The album’s funk/jazz instrumentation is reminiscent of To Pimp a Butterfly, and sure enough, musicians like Thundercat, who appeared on that album, are featured prominently in untitled unmastered. Other features include Cee-Lo Green and SZA, and I would be remiss if I didn’t mention that Alicia Keys and Swizz Beats’ five-year-old son, Egypt, is credited with producing the second half of the track, “Untitled 08.”

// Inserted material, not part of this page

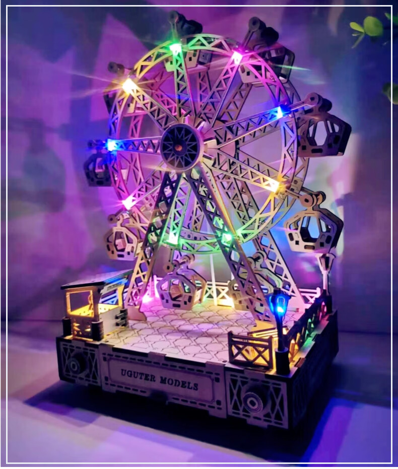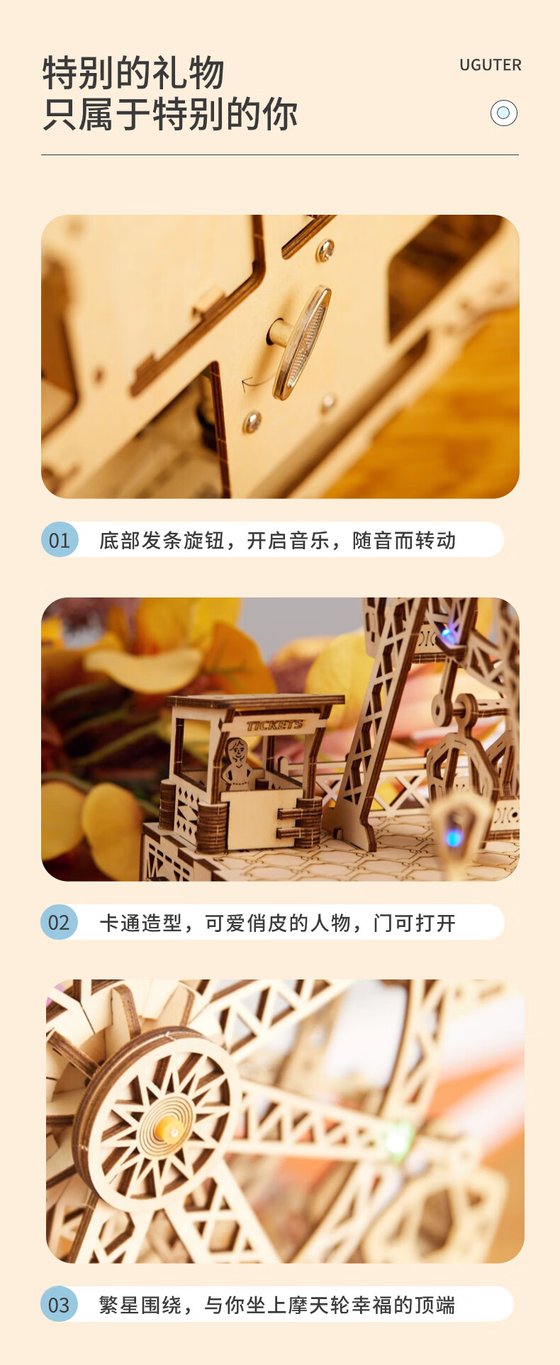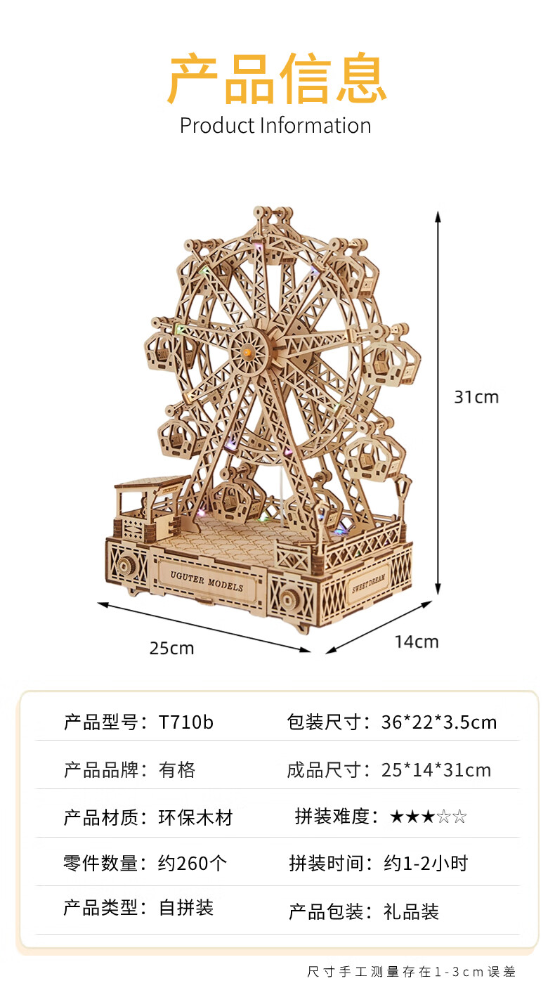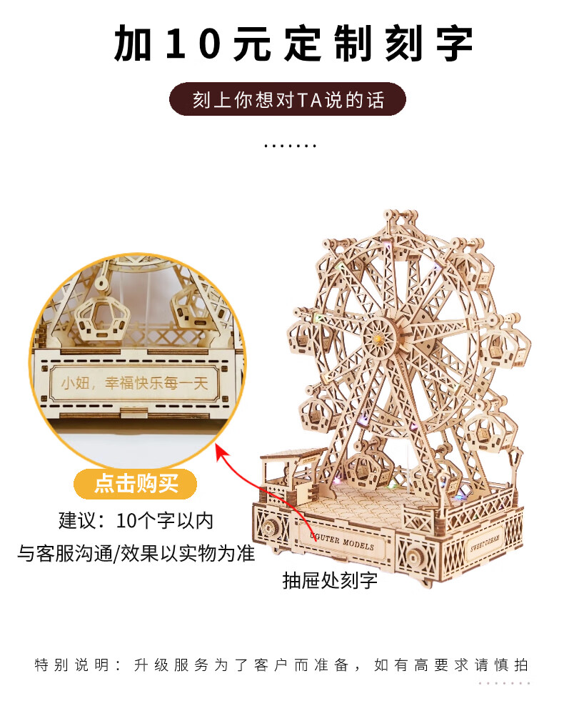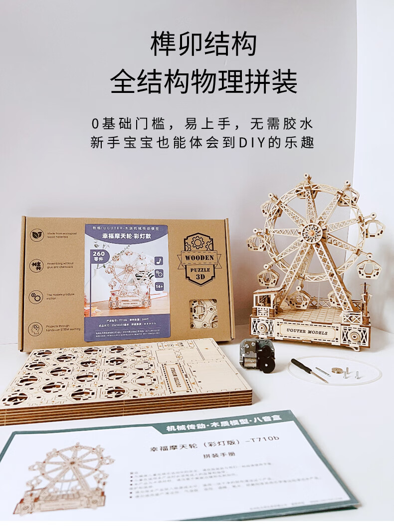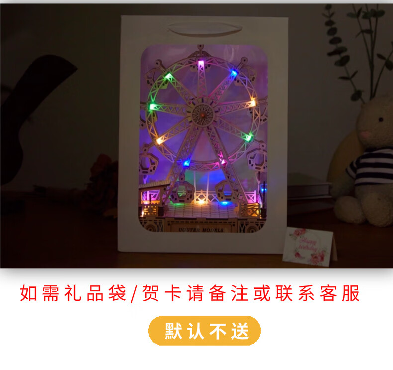 有格diy手工拼装七夕生日礼物摩天轮八音盒音乐盒木质立体拼图送女生 幸福摩天轮-我心永恒(送礼袋)

Of course, the skittering drum beats, experimental horns and saxophone and avant-garde vocals do not interfere with K-Dot’s absolutely ruthless rhymes, like “I can put a rapper on life support/ Guarantee that’s something none of you want” or “Before you poke out your chest, loosen your bra/ Before you step out of line and dance with the star/ I could never end a career if it never start.” In short, the album is inventive and multifaceted, yet satisfying in the most fundamental way. And just how I expect Steph-dog Curry (I made that nickname up) to continue to drain threes like nobody’s business, I expect Kendrick to continue to achieve what is arguably the hardest feat for a rapper: creating music that I need to play on full blast in my Subaru Outback that can also be played after protestors in Chicago succeed in breaking up a Donald Drumpf rally. In truth, I think the two qualities are interdependent. Kendrick wouldn’t be as popular as he is if his songs didn’t, to use the technical term, bump. But the fact that K-Dot is also thoughtfully speaking on the most pressing issues facing our society in these, to use another technical term, bangers is remarkable.

I’d like to note that I actively chose not to dive into a deep analysis of each track, or even offer any in-depth thoughts on the specific themes in untitled unmastered. That’s because there are 12 other white dudes with liberal arts degrees, who wrote reviews of the album on Pitchfork, Hot New Hip Hop, The Atlantic and Rolling Stone. Shoutout to Time for employing a female music critic. Maybe my next article should be on the totally homogenous world of music criticism. Anyway, I urge you to just listen to the album. Several times. I assure you, you’ll be better for it. If you care, my favorite song is probably “Untitled 02.”